◆ **EXERCISE DESCRIPTION**
Transcribed word for word, the lines below from the one with "Так, в первую" through the last line of the records form the answer; no picture is to be included.

◆ **ENTRIES SUPPLIED**
###
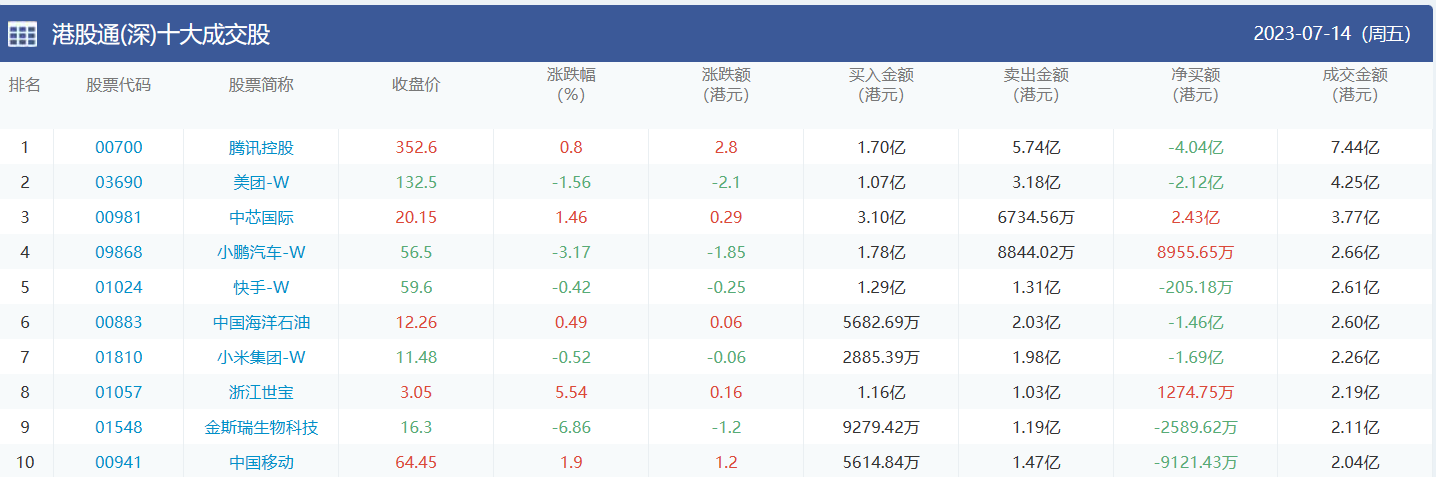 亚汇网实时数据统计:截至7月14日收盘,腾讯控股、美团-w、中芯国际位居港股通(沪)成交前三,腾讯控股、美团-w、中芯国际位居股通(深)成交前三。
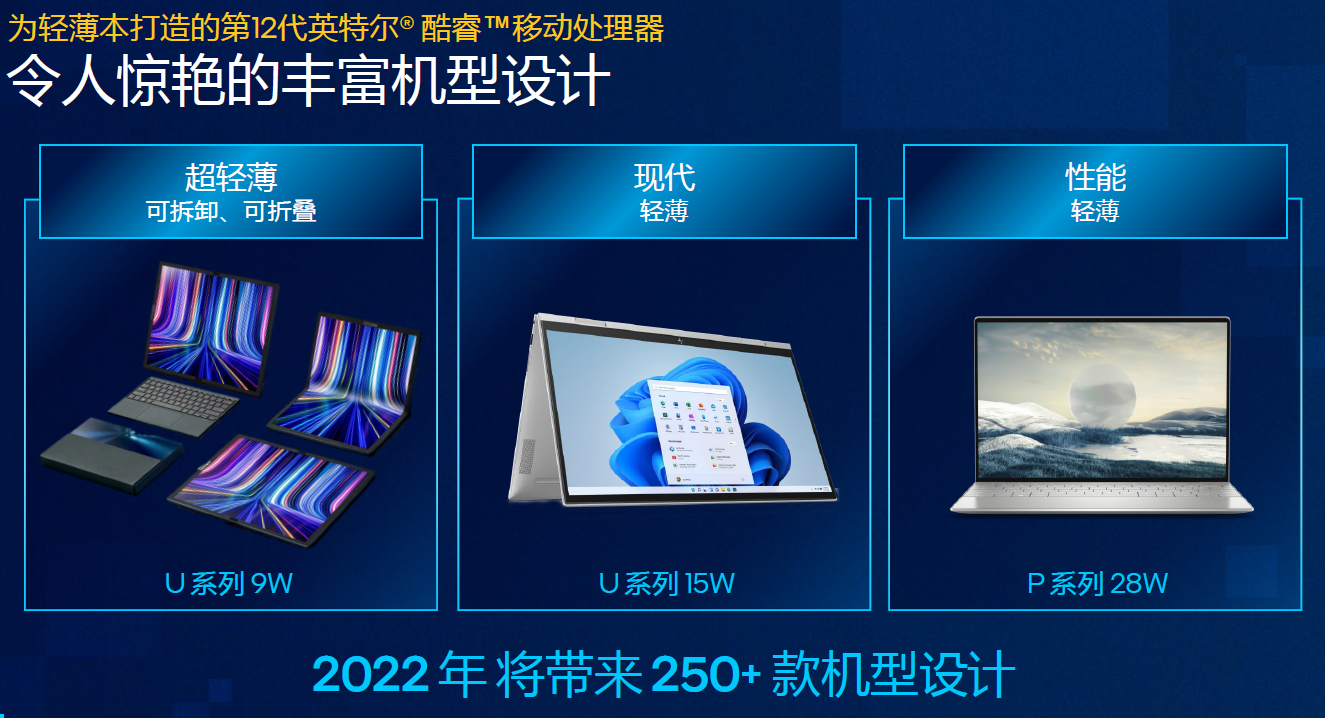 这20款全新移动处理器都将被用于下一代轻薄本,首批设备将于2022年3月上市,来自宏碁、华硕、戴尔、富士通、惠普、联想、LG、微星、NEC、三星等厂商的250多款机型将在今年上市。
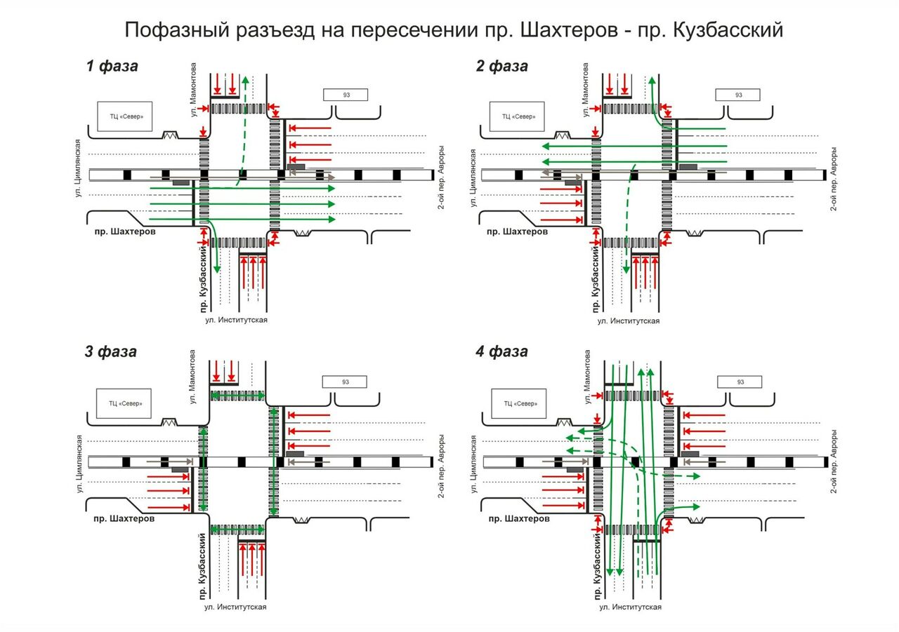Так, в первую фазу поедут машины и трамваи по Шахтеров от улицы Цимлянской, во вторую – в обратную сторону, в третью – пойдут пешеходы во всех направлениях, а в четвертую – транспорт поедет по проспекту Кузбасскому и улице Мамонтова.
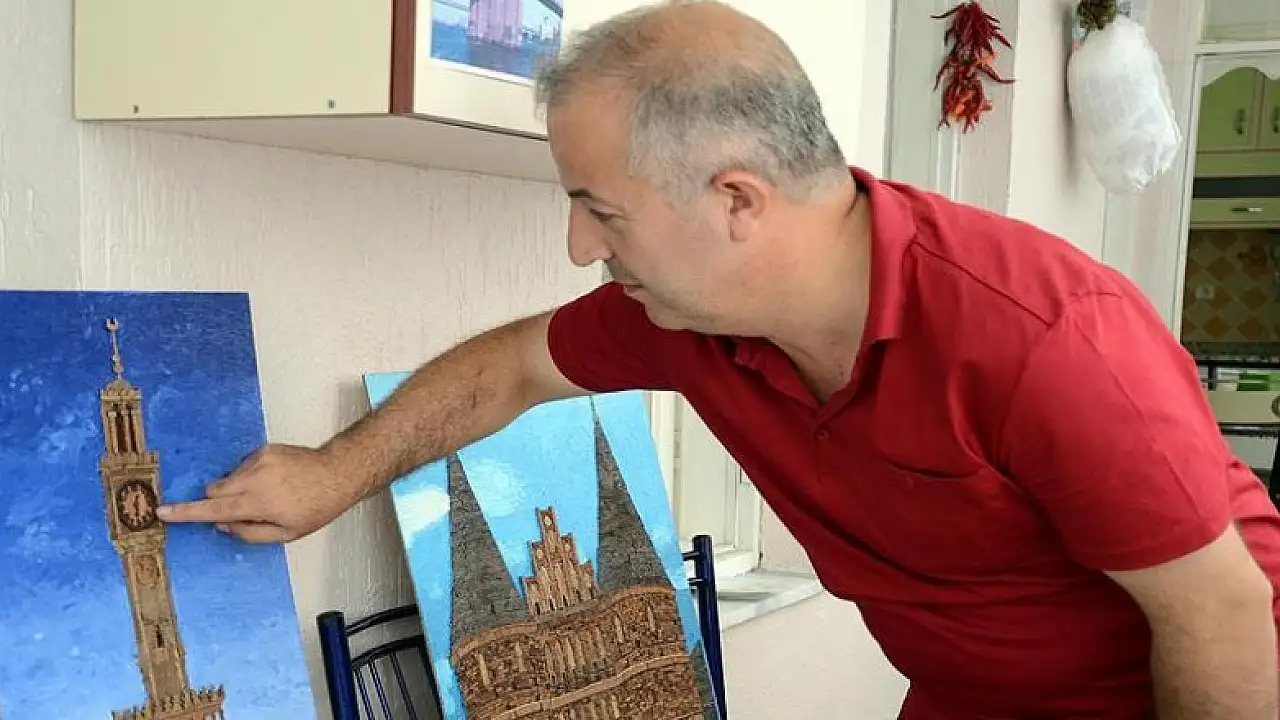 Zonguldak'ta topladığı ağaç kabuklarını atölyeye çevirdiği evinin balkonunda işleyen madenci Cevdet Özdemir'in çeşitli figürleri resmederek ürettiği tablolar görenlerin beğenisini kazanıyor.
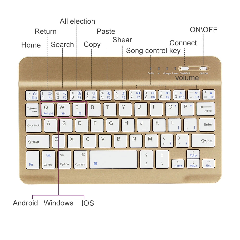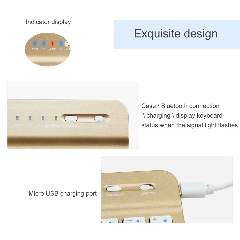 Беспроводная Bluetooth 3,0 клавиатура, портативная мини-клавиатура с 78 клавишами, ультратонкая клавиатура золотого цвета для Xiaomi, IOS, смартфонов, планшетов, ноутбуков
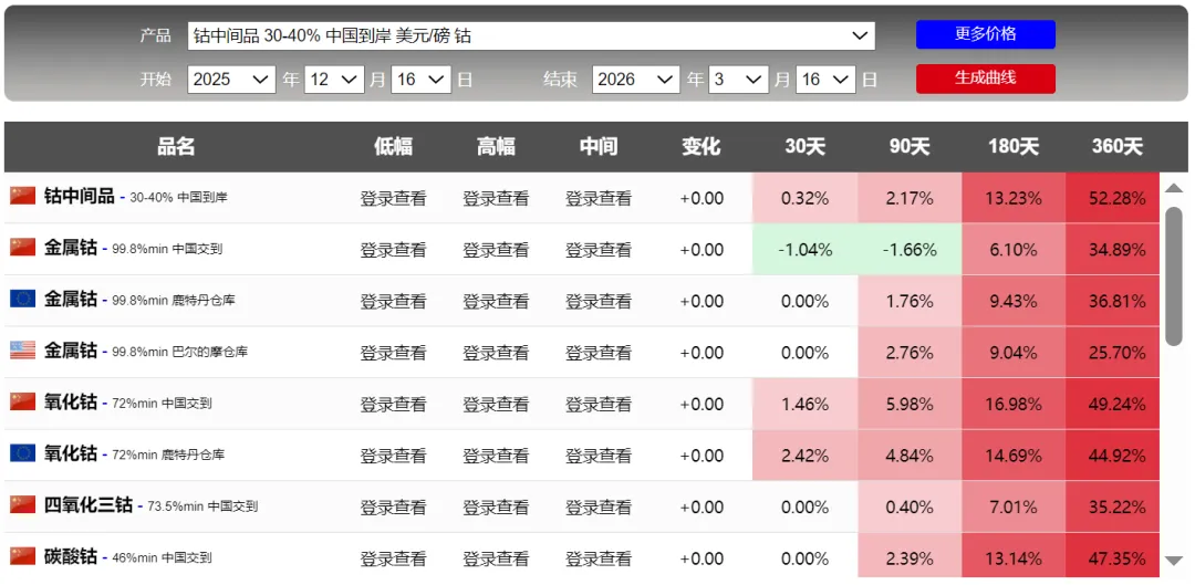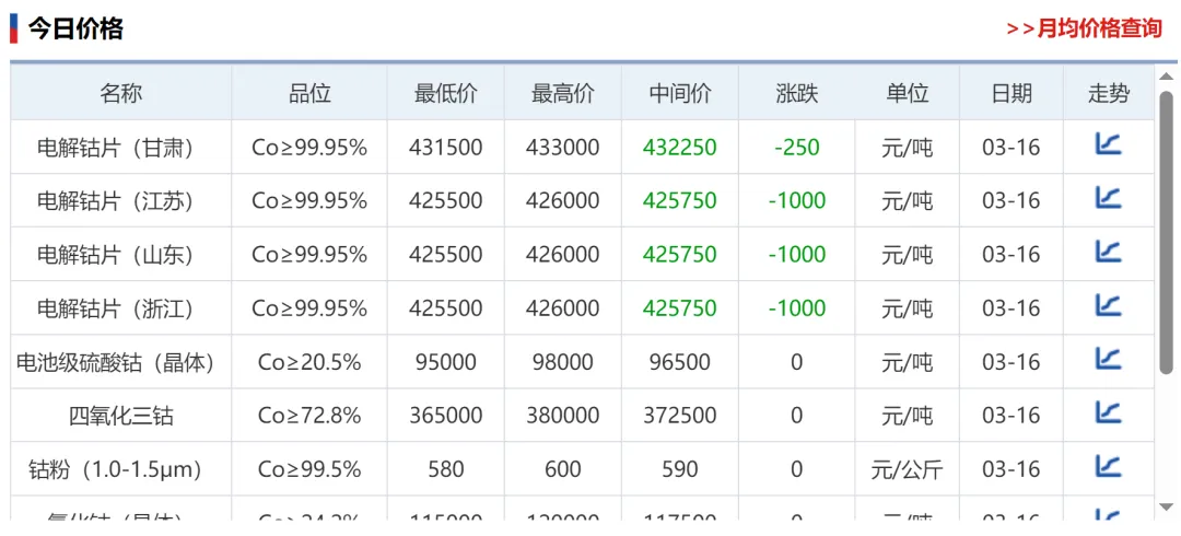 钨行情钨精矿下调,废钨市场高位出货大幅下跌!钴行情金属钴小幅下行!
###
◆ **WRITTEN SOLUTION**
Так, в первую фазу поедут машины и трамваи по Шахтеров от улицы Цимлянской, во вторую – в обратную сторону, в третью – пойдут пешеходы во всех направлениях, а в четвертую – транспорт поедет по проспекту Кузбасскому и улице Мамонтова.
 Zonguldak'ta topladığı ağaç kabuklarını atölyeye çevirdiği evinin balkonunda işleyen madenci Cevdet Özdemir'in çeşitli figürleri resmederek ürettiği tablolar görenlerin beğenisini kazanıyor.
 Беспроводная Bluetooth 3,0 клавиатура, портативная мини-клавиатура с 78 клавишами, ультратонкая клавиатура золотого цвета для Xiaomi, IOS, смартфонов, планшетов, ноутбуков
 钨行情钨精矿下调,废钨市场高位出货大幅下跌!钴行情金属钴小幅下行!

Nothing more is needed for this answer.